Taylor Swift’s “Midnights” was announced on Aug. 29, 2022. The album cover was released at the same time, along with the caption, “Midnights, the stories of 13 sleepless nights scattered throughout my life, will be out Oct. 21. Meet me at midnight.” (@TaylorSwift/Instagram)

Think of a song that you’ve played recently that feels light, exciting and makes you want to dance. But when you start listening to the lyrics, you realize that the song isn’t as special as you thought it was. Hold that melody in your head. This is how it feels to listen to “Karma,” a hit song from Taylor Swift’s new album “Midnights.” 

The album as a whole fits that characterization: it consists of tracks with catchy music, but can be easily overplayed due to its run-on nature. 

In an Instagram post announcing the album on Aug. 29, Swift explained that the 13 individual songs explore emotions that she experienced on long, sleepless nights.

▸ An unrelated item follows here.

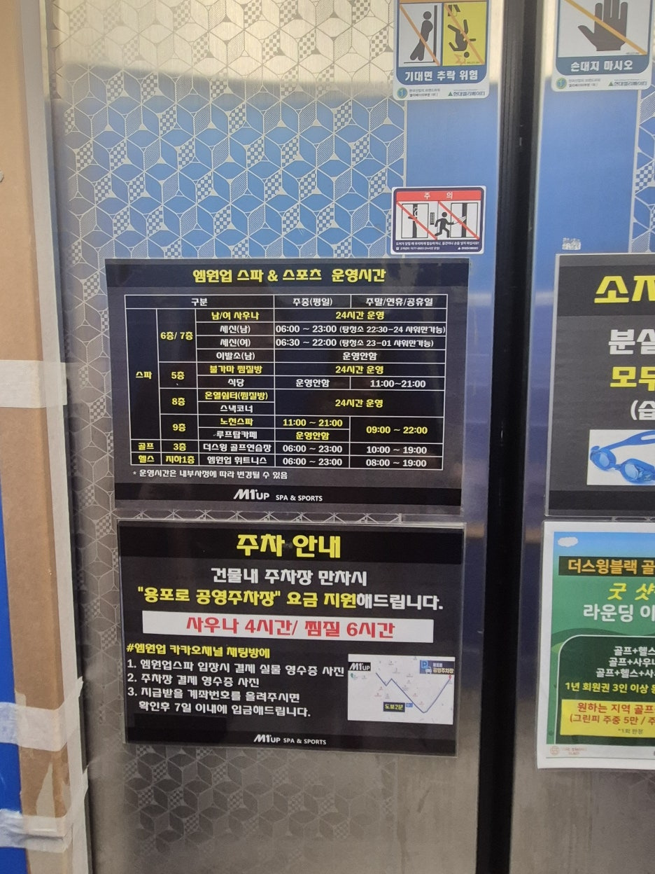 먼저 주차장은 아래사진과 같이 나와있으나, 기본 12시간이 무료라서, 찜질하고 쉬고 가기에는 최적의 조건입니다. 사람이 너무 많아서, 사진찍기가 힘들었습니다..ㅠ.ㅠ 아래사진에 엠원업스파의 모든층들에 대한 설명이 들어있네요....

From desiring revenge, to falling in love (and falling apart), to the challenges of being a superstar, life “is emotionally abusive,” per Swift’s song “Snow on the Beach.” 

The general mood of the album is aligned with this vision; most songs have heavy, late-hour excitement or tired beats. Yet there are some songs, like “Karma,” that completely defy the moods set in the previous songs, and are a flash of upbeat energy.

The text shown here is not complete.